## WHAT NEEDS TO BE DONE
Your task is to reproduce, verbatim and without pictures, the lines from the opening of the listing through the line containing "Baño , retiro".

## RECORDED INFORMATION
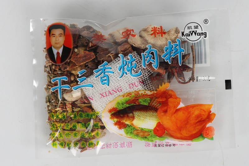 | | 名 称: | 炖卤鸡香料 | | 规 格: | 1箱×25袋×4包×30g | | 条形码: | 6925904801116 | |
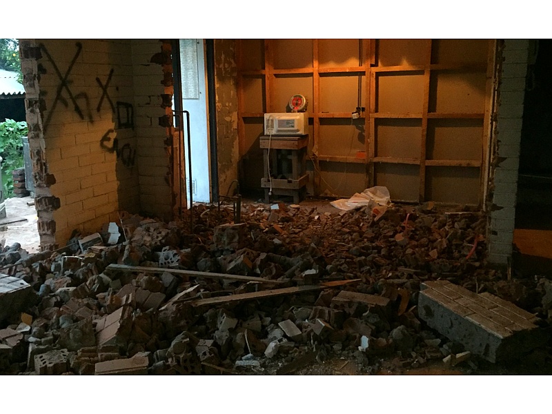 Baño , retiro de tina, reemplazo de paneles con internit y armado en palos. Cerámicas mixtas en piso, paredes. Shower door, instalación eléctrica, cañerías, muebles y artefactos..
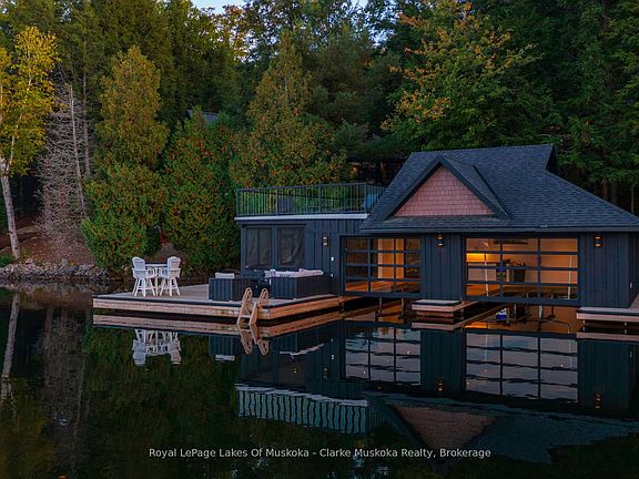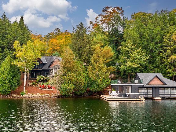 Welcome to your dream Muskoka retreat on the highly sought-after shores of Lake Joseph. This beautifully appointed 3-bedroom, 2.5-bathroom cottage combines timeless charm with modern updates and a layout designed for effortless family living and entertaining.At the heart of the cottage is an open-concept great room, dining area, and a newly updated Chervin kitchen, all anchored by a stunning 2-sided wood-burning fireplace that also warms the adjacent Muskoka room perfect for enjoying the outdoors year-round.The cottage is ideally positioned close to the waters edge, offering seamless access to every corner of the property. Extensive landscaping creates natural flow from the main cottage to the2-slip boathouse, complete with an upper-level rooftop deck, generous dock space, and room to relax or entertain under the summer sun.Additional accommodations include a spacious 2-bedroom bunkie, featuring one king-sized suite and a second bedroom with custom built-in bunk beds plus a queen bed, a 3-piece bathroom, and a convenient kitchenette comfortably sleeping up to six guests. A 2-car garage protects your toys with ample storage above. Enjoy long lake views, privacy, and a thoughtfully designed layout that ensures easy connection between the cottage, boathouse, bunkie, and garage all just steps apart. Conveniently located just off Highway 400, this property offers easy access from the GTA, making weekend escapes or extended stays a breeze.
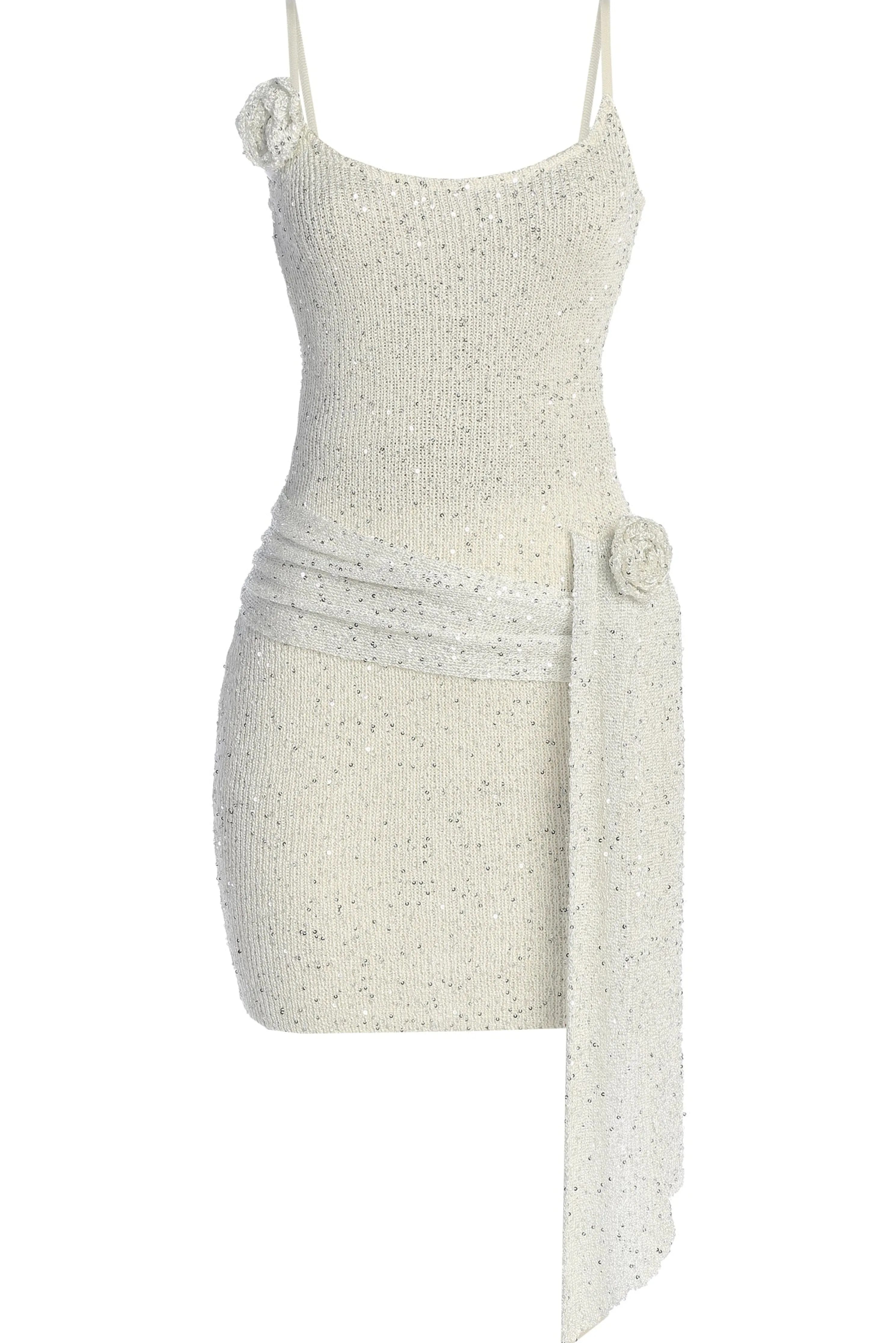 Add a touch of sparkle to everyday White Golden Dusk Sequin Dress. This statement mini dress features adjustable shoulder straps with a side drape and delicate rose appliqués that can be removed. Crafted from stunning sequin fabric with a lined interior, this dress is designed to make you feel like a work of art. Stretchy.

## EXERCISE RESPONSE
 | | 名 称: | 炖卤鸡香料 | | 规 格: | 1箱×25袋×4包×30g | | 条形码: | 6925904801116 | |
 Baño , retiro de tina, reemplazo de paneles con internit y armado en palos. Cerámicas mixtas en piso, paredes. Shower door, instalación eléctrica, cañerías, muebles y artefactos..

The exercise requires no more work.